Preventing a Desired Dystopia: Reducing the Risk of AGI

On existential risk & The Precipice

Jun 16, 2023

I haven’t written here in a bit, but I did write this sucker for the Eon Essay Contest. Thought I may as well put it here; it’s about ways to prevent an existential catastrophe brought on by AGI.

Introduction

In The Precipice, Toby Ord warns of the possibility of a “desired dystopia.” One where humanity chooses to live in (or is content living in) an unrecoverable dystopian society, destroying our potential. He notes that a dystopian government could reshape our future without due consideration and process (the long reflection).

Ord also discusses the role of technology in sustaining such a dystopia, using it to surveil and indoctrinate global citizens, ensuring that the current state remains desired. This is the role Artificial General Intelligence (AGI) is best suited to play.

In recent years our path to AGI has become clearer, while protective policy lags behind. One of the most important technologies behind recent AI development, the transformer, was only introduced in 2017, in a paper entitled, “Attention Is All You Need.” The transformer enabled a more robust and context-aware encoding of language, and led to the explosion of Large Language Models (LLMs).

OpenAI (among others, including Anthropic, Microsoft, and Google) has recently gone further, pursuing the development of Generative Large Language Multi-Modal Models (GLLMMs or, simply, Gollems) that can encode, understand, and generate different types of ‘language’—text, images, sound, code, and more—all using the same underlying architecture.

Risk

This recent wave of development has also exposed gaping holes in our ability to differentiate AI- and human-generated content, and to safeguard our institutions against AI-powered subversion.

As the 2024 election cycle begins in the United States, presidential hopefuls and interest groups are using deepfake and image-generation technology in attack ads to get a leg up on the competition.^,, Aza Raskin and Tristan Harris present a theoretical method, called “AlphaPersuade,” to train a Gollem-class model to change minds more effectively than any human could. Thanks to this and other potential methods to leverage the power of Gollems, Raskin and Harris predict that “2024 will be the last human election.”

As AI becomes more intelligent, generalized, and integrated, it poses a greater risk as a tool to suppress or undercut dissent. AlphaPersuade is only a simple thought experiment, but it reveals the power of AI to indoctrinate humanity more effectively than ever before, and the rapid progress we’ve made in computer vision provides a strong basis for the near-future possibility of mass surveillance.

Mitigation

It is imperative that we regulate the use of AI in elections, governance, and discourse as soon as possible, and that we focus more funding and effort on aligning AGI to humanity’s interests. We may soon reach a state where highly capable, super-intelligent AGI is under development, while our society is unprepared.

As a policymaker in this situation, my priority would be to align this intelligence before it becomes too widely accessible or integrated in society (with power systems, elections, etc.), ensuring its goal and reward structures are ethical to high standards. It would be secondarily important to regulate access to advanced models, restricting malicious actors’ ability to leverage their capabilities.

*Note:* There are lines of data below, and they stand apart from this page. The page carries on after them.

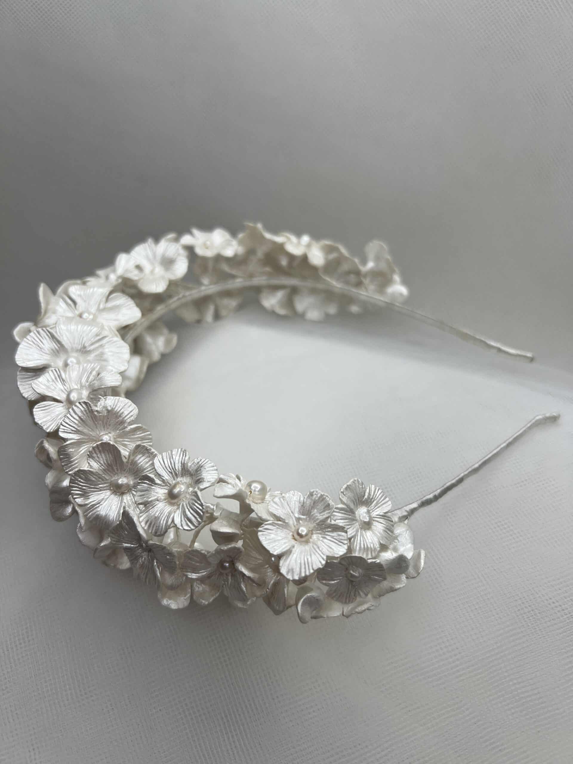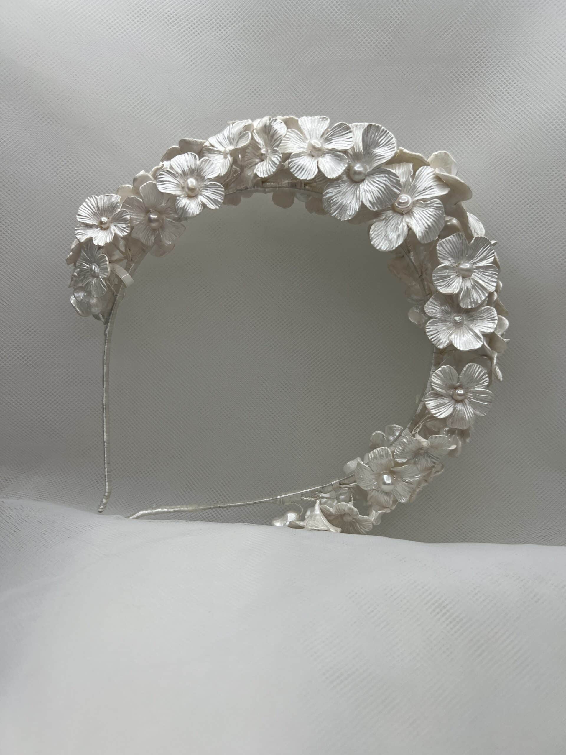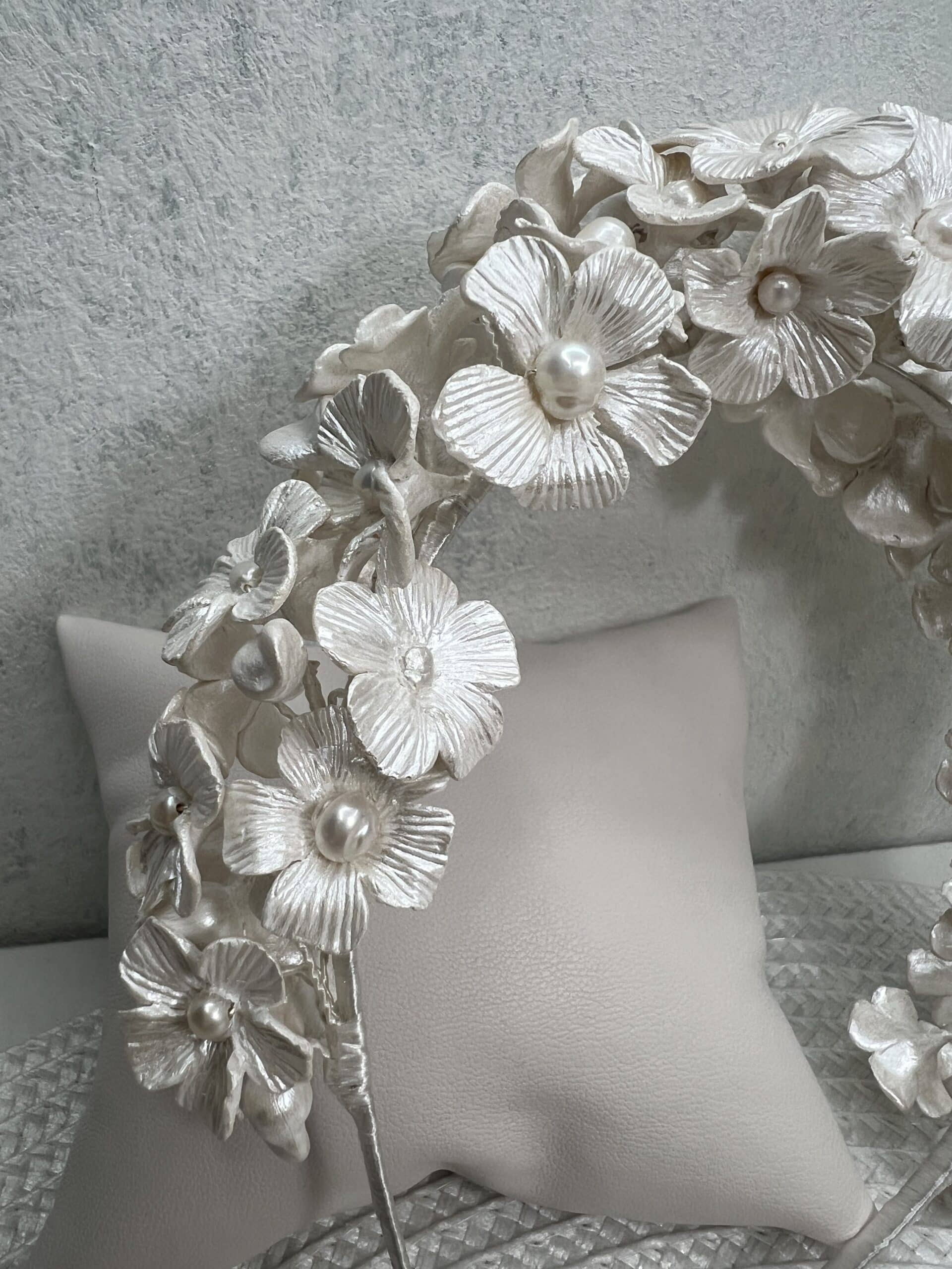 Una diadema con flores de porcelana que a su vez cada una de ellas lleva una perla natural . Todas las flores son moldeadas a mano lo que hace que sea una diadema muy especial que perdurara en el tiempo siendo siempre bonita . Las novias romanticas estaran encantadas con esta diadema .
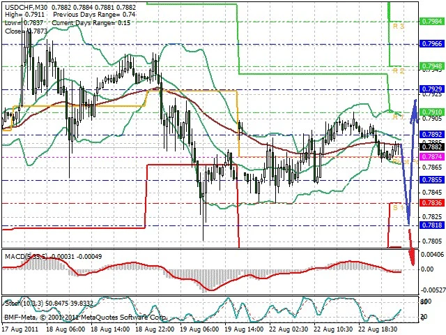 Předpokládaný pohyb pro dnešní den LONG. Případné vstupy do obchodu z hladiny 0.782 s předpokládaným cílem 0.792, případně až 0.8. Proražení hladiny 0.781 může vést k pohybu s pravděpodobným cílem 0.776 až 0.7695.
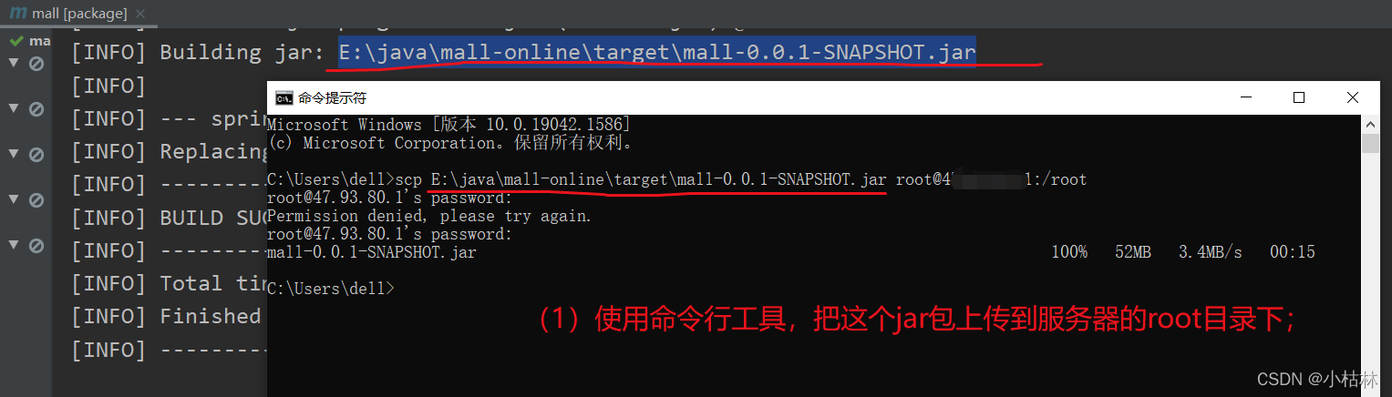 2.把程序打成的jar包,在cmd命令行中,使用scp命令,上传到服务器;
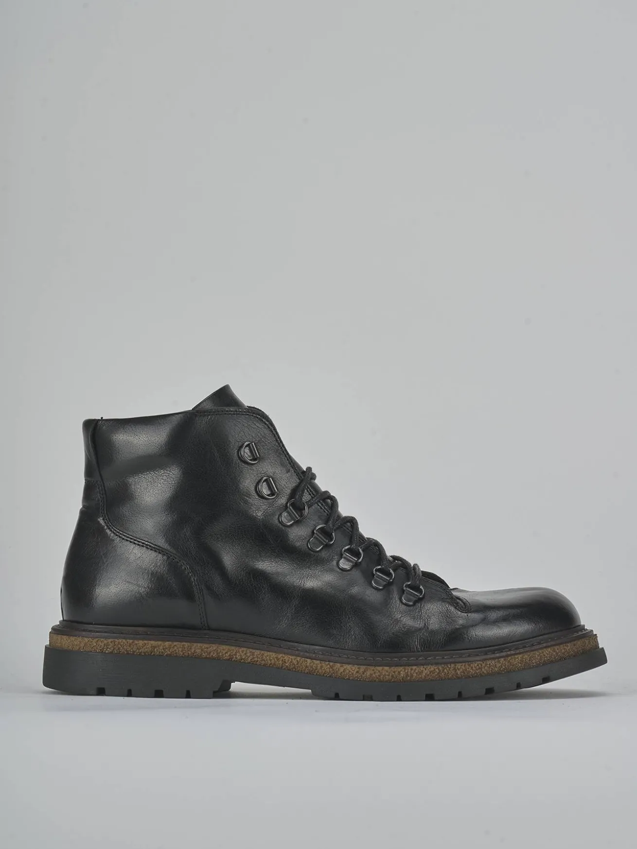 Gli occhielli in metallo e i lacci robusti garantiscono una chiusura sicura e un aspetto deciso.
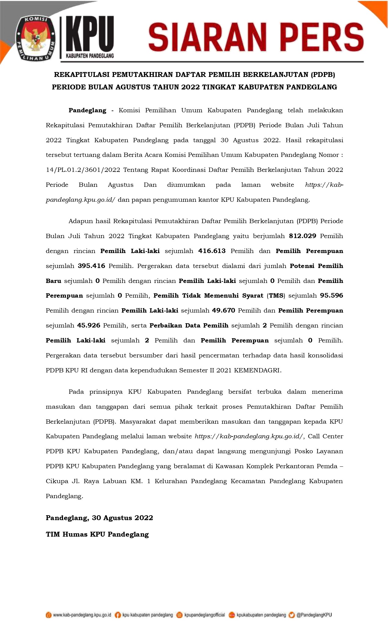 PENGUMUMAN NOMOR : 274/PP.04.1.Pu/36012022 TENTANG SELEKSI CALON ANGGOTA PANITIA PEMILIHAN KECAMATAN (PPK) UNTUK PEMILIHAN UMUM TAHUN 2024 Dalam rangka pembentukan Panitia Pemilihan Kecamatan untuk Pemilihan Umum Serentak Tahun 2024, Komisi Pemilihan Umum Kabupaten Pandeglang mengundang Warga Negara Indonesia yang memenuhi persyaratan untuk mendaftarkan diri menjadi anggota Panitia Pemilihan Kecamatan untuk Pemilihan Umum Serentak Tahun 2024 dengan ketentuan sebagai berikut: Persyaratan Anggota PPK a. Warga Negara Indonesia; b. berusia paling rendah 17 (tujuh belas) tahun; c. setia kepada Pancasila sebagai dasar Negara, Undang-Undang Dasar Negara Republik Indonesia Tahun 1945, Negara Kesatuan Republik Indonesia, Bhinneka Tunggal Ika, dan cita-cita Proklamasi 17 Agustus 1945; d. mempunyai integritas, pribadi yang kuat, jujur dan adil; e. tidak menjadi anggota Partai Politik yang dinyatakan dengan surat pernyataan yang sah, atau sekurang-kurangnya 5 (lima) tahun tidak lagi menjadi anggota partai politik yang dibuktikan dengan surat keterangan dari pengurus partai politik yang bersangkutan; f. berdomisili dalam wilayah kerja PPK; g. mampu secara jasmani, rohani, dan bebas dari penyalahgunaan narkotika; h. berpendidikan paling rendah sekolah menengah atas atau sederajat; dan i. tidak pernah dipidana penjara berdasarkan putusan pengadilan yang telah memperoleh kekuatan hukum tetap karena melakukan tindak pidana yang diancam dengan pidana penjara 5 (lima) tahun atau lebih. Kelengkapan Dokumen Persyaratan: a. Surat pendaftaran sebagai calon anggota PPK; b. Fotokopi Kartu Tanda Penduduk Elektronik; c. Fotokopi ijazah sekolah menengah atas/sederajat atau ijazah terakhir; d. Surat pernyataan dalam satu dokumen yang menyatakan : 1. setia kepada Pancasila sebagai dasar Negara, Undang-Undang Dasar Negara Republik Indonesia Tahun 1945, Negara Kesatuan Republik Indonesia, Bhinneka Tunggal Ika, dan cita-cita Proklamasi 17 Agustus 1945; 2.tidak menjadi anggota Partai Politik; 3. bebas dari penyalahgunaan narkotika; 4. tidak pernah dipidana penjara berdasarkan putusan pengadilan yang telah memperoleh kekuatan hukum tetap karena melakukan tindak pidana yang diancam dengan pidana penjara 5 (lima) tahun atau lebih; 5. tidak pernah dijatuhi sanksi pemberhentian tetap oleh KPU Kabupaten/Kota atau Dewan Kehormatan Penyelenggara Pemilu; 6. tidak menjadi tim kampanye atau tim pemenangan atau saksi peserta Pemilu atau Pemilihan pada penyelenggaraan Pemilu dan Pemilihan paling singkat dalam 5 (lima) tahun terakhir; 7. tidak berada dalam ikatan perkawinan dengan sesama penyelenggara Pemilu; 8. tidak memiliki penyakit penyerta (komorbiditas); 9. mempunyai kemampuan dan kecakapan dalam membaca, menulis dan berhitung; dan 10. mampu mengoperasikan perangkat teknologi informasi. e. Surat keterangan dari partai politik yang bersangkutan bagi calon yang paling singkat 5 (lima) tahun tidak lagi menjadi anggota Partai Politik; f. Surat keterangan sehat jasmani dan rohani yang dikeluarkan oleh puskesmas, rumah sakit, atau klinik yang termasuk di dalamnya terdapat pemeriksaan tekanan darah, kadar gula darah, dan kolesterol; g. Daftar Riwayat Hidup; h. Pas Foto Berwarna 4x6; dan Surat Pendaftaran dan kelengkapan dokumen disampaikan kepada KPU Kabupaten Pandeglang sejak tanggal 20 November 2022 sampai dengan tanggal 29 November 2022 Pukul 16.00 WIB, melalui: a. https://siakba.kpu.go.id dan dokumen fisik yang disampaikan pada saat sebelum pelaksanaan seleksi tertulis; atau b. Petugas Pendaftaran di Kantor Sekretariat KPU Kabupaten Pandeglang Alamat : Kantor KPU Kabupaten Pandeglang ((Jalan Raya Labuan Km. 1 Kawasan Perkantoran Pemda-Cikupa) Kontak : Hp. 081268137458 (Destiana) atau Hp. 087779033330 (Devi Yustiadi) Waktu : Pukul 08.00 – 16.00 WIB Demikian pengumuman ini disampaikan, untuk diketahui. PENGUMUMAN SELEKSI CALON ANGGOTA PANITIA PEMILIHAN KECAMATAN (PPK) UNTUK PEMILIHAN UMUM TAHUN 2024 SURAT PENDAFTARAN SEBAGAI CALON ANGGOTA PPK SURAT PERNYATAAN CALON ANGGOTA PPK DAFTAR RIWAYAT HIDUP CALON ANGGOTA PPK

Ideally, I would create international policy and a governing body to regulate the use of AGI, and to ensure each instance is well-aligned. This body (perhaps called the International Artificial Intelligence Agency, or IAIA) would be created as an autonomous part of the UN, modeled after the IAEA (International Atomic Energy Agency). Just as access to nuclear weapons and radioactive materials are highly restricted, access to AGI should be. They share similarly destructive properties, and their unrestricted use would increase the risk of an existential catastrophe.

The IAIA would be tasked with reviewing AGI systems and any prospective sale or transfer of a model. Models would be considered acceptable for peaceful industrial purposes (analogous to nuclear power), but heavily restricted in terms of surveillance, warfare, or spread of disinformation (analogous to nuclear weapons).

While these functions would be important, they’d be entirely useless in managing an unaligned super-intelligent system. The IAIA’s most vital role would be in facilitating and ensuring the alignment of all AGI systems.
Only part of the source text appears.